-- AVAILABLE DATA --
■ ■ ■ ■ ■ ■ ■
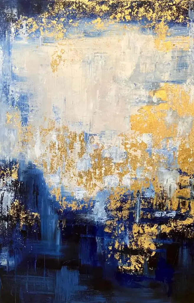 I'm offering a stunning mixed media painting titled 'Prosperity' created in 2021. This artwork measures 120 x 80 cm and features a beautiful blend of colors that evoke a sense of calm and optimism. The flawless condition reflects that it has never been used, making it perfect for collectors or anyone looking to enhance their space with a unique piece of art. The gold accents provide a luxurious touch, while the cool blues and whites harmonize beautifully, creating a focal point for any room. Don't miss out on the chance to own this exquisite painting!
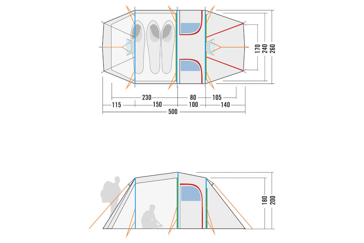 Das Tatonka Family Camp eignet sich für eine drei- bis vierköpfige Familie. Durch zwei gegenüberliegende Seiteneingänge gelangt man in die zwei Meter hohe Apsis. Ein dritter Eingang befindet sich an der Frontseite. Die Schlafkabine des 3-Personen-Zelts ist so großzügig bemessen, dass selbst vier Personen ausreichend Platz finden. Verschließbare Fenster in den Seiteneingängen und an den Stirnseiten sorgen für ausreichend Licht im Zelt.
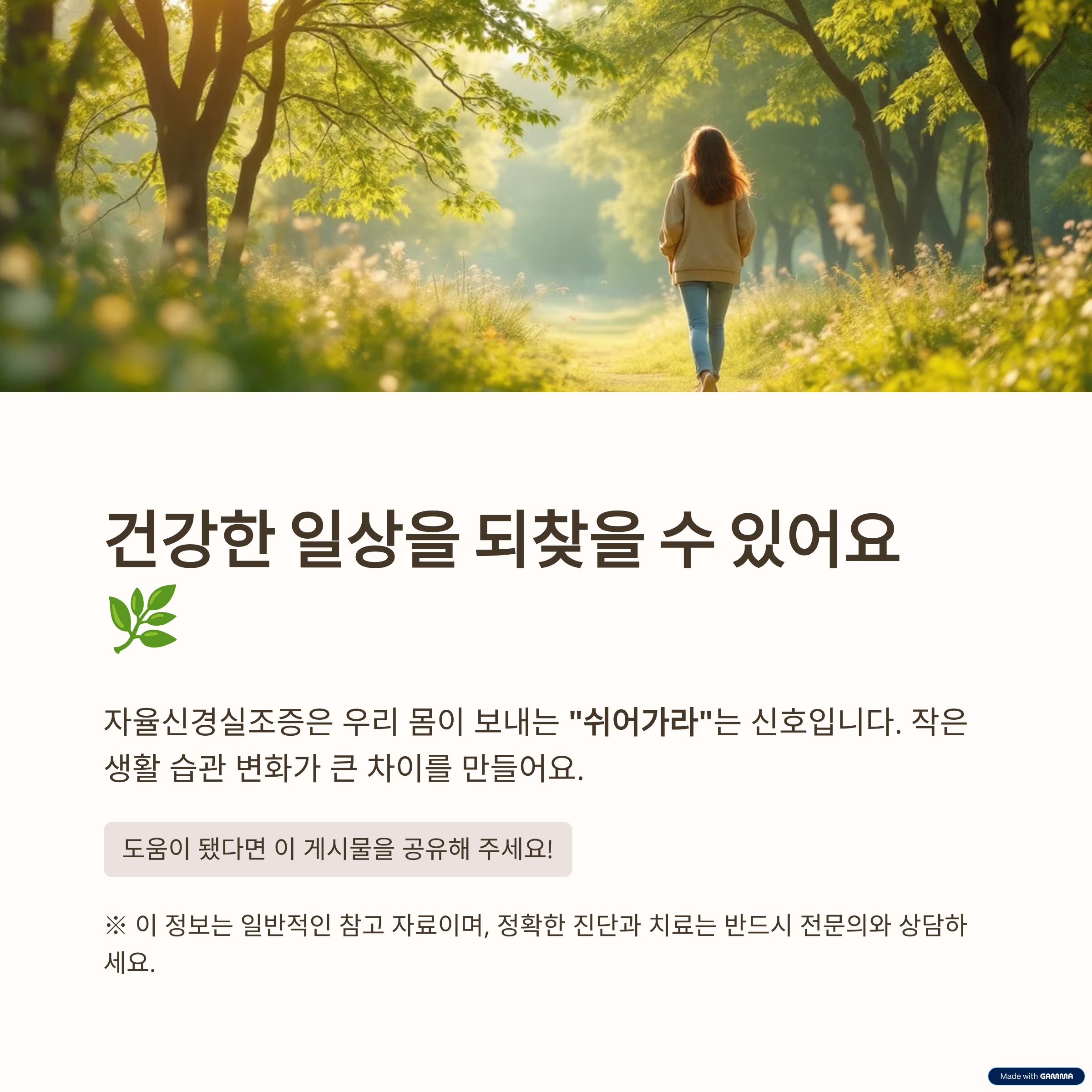 - 과로와 피로: 몸과 마음이 지치면 자율신경계도 함께 지쳐요.
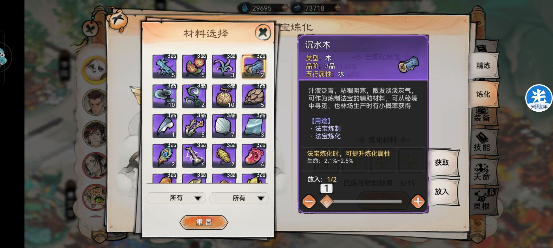 那么这种情况下辅助和前排也可以优先选择2品和1品材料去炼化法宝。
■ ■ ■ ■ ■ ■ ■
-- ACTION ITEM --
Write out the material above precisely, leaving each picture behind.

-- ANSWER TO THIS TASK --
 I'm offering a stunning mixed media painting titled 'Prosperity' created in 2021. This artwork measures 120 x 80 cm and features a beautiful blend of colors that evoke a sense of calm and optimism. The flawless condition reflects that it has never been used, making it perfect for collectors or anyone looking to enhance their space with a unique piece of art. The gold accents provide a luxurious touch, while the cool blues and whites harmonize beautifully, creating a focal point for any room. Don't miss out on the chance to own this exquisite painting!
 Das Tatonka Family Camp eignet sich für eine drei- bis vierköpfige Familie. Durch zwei gegenüberliegende Seiteneingänge gelangt man in die zwei Meter hohe Apsis. Ein dritter Eingang befindet sich an der Frontseite. Die Schlafkabine des 3-Personen-Zelts ist so großzügig bemessen, dass selbst vier Personen ausreichend Platz finden. Verschließbare Fenster in den Seiteneingängen und an den Stirnseiten sorgen für ausreichend Licht im Zelt.
 - 과로와 피로: 몸과 마음이 지치면 자율신경계도 함께 지쳐요.
 那么这种情况下辅助和前排也可以优先选择2品和1品材料去炼化法宝。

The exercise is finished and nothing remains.